Abstract: FR-PO022
Role of the Complement System and Vascular Endothelium in COVID-19 Pathogenesis
Session Information
- COVID-19: AKI Outcomes, Biomarkers, Treatments, Case Reports
November 04, 2022 | Location: Exhibit Hall, Orange County Convention Center‚ West Building
Abstract Time: 10:00 AM - 12:00 PM
Category: Coronavirus (COVID-19)
- 000 Coronavirus (COVID-19)
Authors
- Rostam Shirazi, Niyousha, University of Toronto, Toronto, Ontario, Canada
- Licht, Christoph, The Hospital for Sick Children, Toronto, Ontario, Canada
Background
Coronavirus Disease 2019 (COVID-19) caused by SARS-CoV-2 infection has become a global pandemic, presenting with varying degrees of severity from respiratory distress to multi-organ damage.
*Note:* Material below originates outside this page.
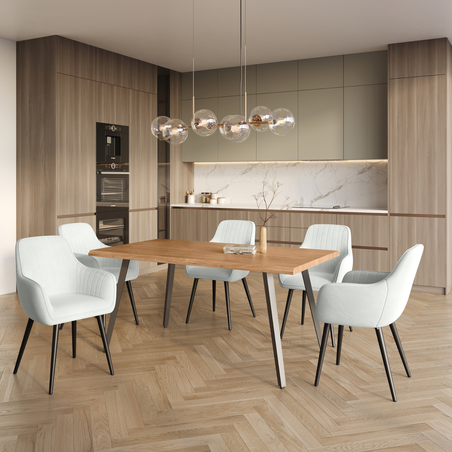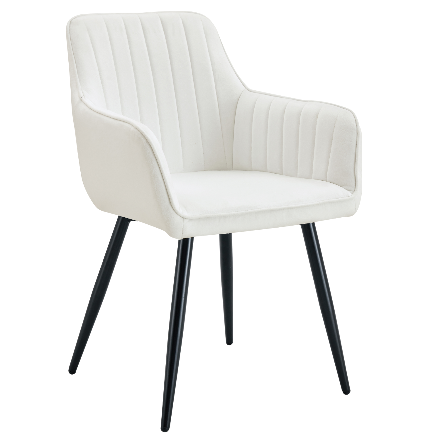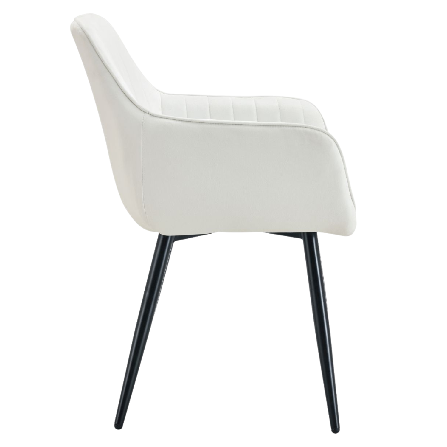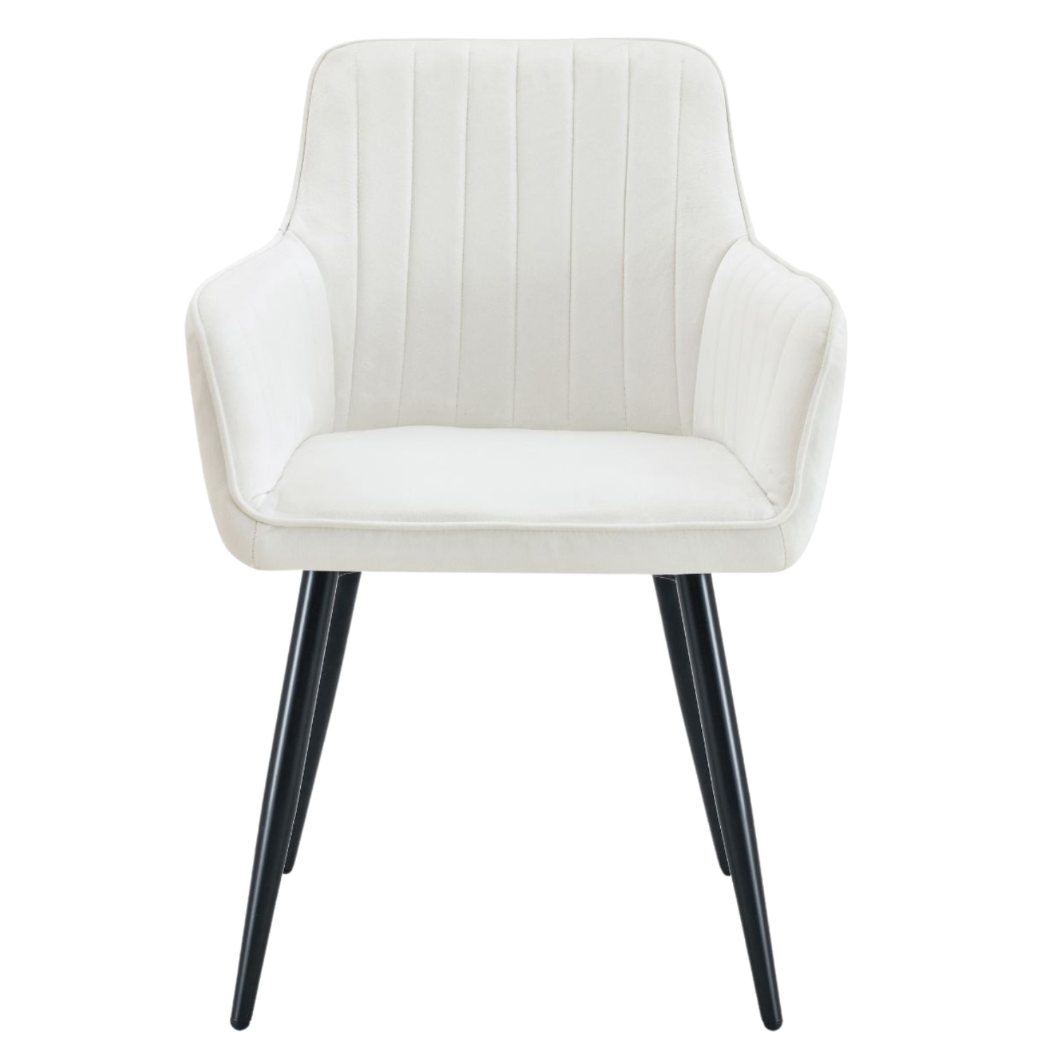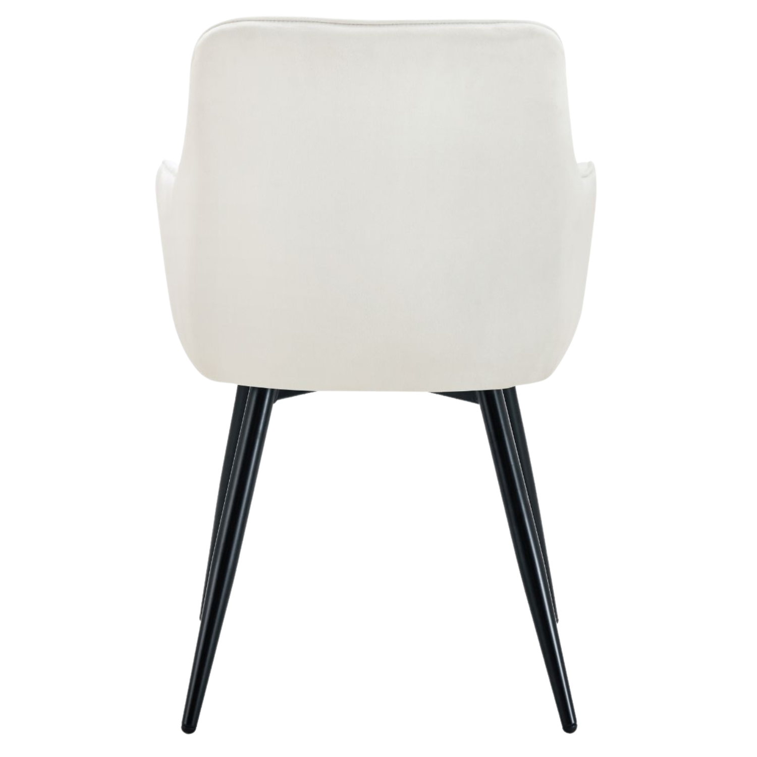 Derived from the Latin "Cassius," symbolizing nobility, the Cassian Dining Chair exudes regal simplicity. The white velvet upholstery and sleek black legs offer a balance of elegance and modernity.

Kidneys are of several organs affected in COVID-19, with acute kidney injury (AKI) being a common consequence, occurring in more than 30% of patients with severe COVID-19. While the underlying mechanisms of COVID-19 pathogenesis remain poorly understood, there is evidence linking complement system overactivation and endothelial injury to organ damage that increases the risk of mortality in COVID-19. Evidence from previous coronavirus epidemics also suggest direct involvement of inflammation, complement dysregulation, and endothelial cell dysfunction. Thus, we hypothesize that vascular endothelial injury resulting from complement overactivation contributes to COVID-19-associated organ injury.
Methods
Clinical information and sera from SARS-CoV-2+ patients with mild (n=7) and severe COVID-19 (n=7) diseases were obtained from the Canadian COVID-19 Prospective Cohort Study (CANCOV). Complement activation on ECs was evaluated via immunofluorescence assays, measuring the deposition of complement products C3b and C5b-9 on Human Umbilical Vein Endothelial Cells exposed to control or patient sera. In addition, a permeability assay using a transwell model was used to measure the integrity of the endothelial monolayer exposed to patient sera.
Results
Complement was found to be overactivated on ECs treated with SARS-CoV-2+ patient sera compared to those treated with normal human serum as evidenced by significantly increased C3b and C5b-9 deposition. While ECs treated with sera from patients with mild COVID-19 seemed to have higher C3b deposition, ECs treated with sera from patients with severe COVID-19 disease were associated with higher C5b-9 deposition. In addition, increased permeability of the monolayer incubated with SARS-CoV-2+ patient sera was seen over time regardless of disease severity. However, ECs tretaed with severe COVID-19 patient sera had signficiantly increased vascular leakiness as evidenced by increased permeability of the treated monolayer.
Conclusion
Thus, we conclude that complement is overactivated in SARS-CoV-2+ patients and use of anti-complement therapies may be an effective strategy in treating COVID-19 associated vascular injury, hyperinflammation, and organ damage.